If you are, quite literally, paying me for the ingredients thrown together to make the wine and not the time spent making it, then it isn’t really worth me, looking at;

– What red wines / grapes go with Italian food (or particular dishes).
– What types of wine rival Italian restaurants are selling.
– What type of wines diners are asking for when they visit Italian restaurants.
– What the current trends are in Italian food and wine.
– Whether other Italian restaurants are serving similar wines.
– What type of grape(s) I should select for the wine, other than ‘any red grape’.
– What type of sugar I should use, other than supermarket, economy cane sugar.
– What type of yeast I’d use, other than anything available at the same supermarket.
– The taste or ‘bouquet’ you want from the wine.
– The maturation process.

In short, I may as well swish red grape juice, sugar, and yeast around in a barrel for a bit, pour it into bottles, and hope that you’re happy with it.

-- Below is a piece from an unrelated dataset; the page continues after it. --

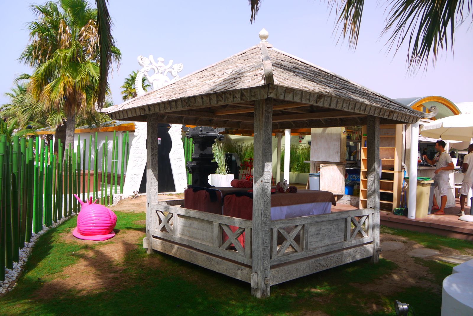 La zona on fan massatges espera a la sombra per qui vulgui relaxar-se i sentir-se a la glòria.

And – to be clear – when I say ‘it isn’t really worth me…’, I don’t mean it in the flippant sense. What I mean is: as a winemaker, if I’m only paid for the ingredients I use (and not my years of experience as a winemaker, the lessons I’ve learned to make my wine better, the time spent researching to make each wine perfect and different to others, the time spent selecting specific ingredients to give the right taste), then I’ll have to rush the process.
I’ll have to rush the process as I’m only being paid per ingredient, so every bit of additional time I spend outside of buying the ingredients and chucking them together is time in which I can’t work with another restaurant, so I run the risk of running out of both clients and money. So, I have to churn the wine out as quickly as possible and just move on.

Did anyone pick up on this analogy? The story above represents the reason why most copywriters you’ll come across don’t charge ‘per word’, but charge based on time spent on the project (or just give an overall cost for the project).
You can hire ‘per word’ writers – usually on sites such as PPH and Elance – but you do run the risk of getting rushed work that is no more than generic copy about your sector, which doesn’t have a specific tone of voice and is aimed at a very wide audience.

This is why – although it can seem strange to some – copywriters charge by time / overall project, rather than per word: it’s about the time taken to research, craft, and (maybe) optimise your copy, not the time taken to just bash out words on a keyboard.

One thing I (and, I hope, all other copywriters) never want to do though, is pull the wool over a client’s eyes, in terms of rates. With that in mind, please take a look at this link: I think it’s a really useful guide as to what you – the client – should be getting for your money, and how you can avoid being stung.

Anyway, I hope that all makes sense – I’m off to make some Pinot Noir.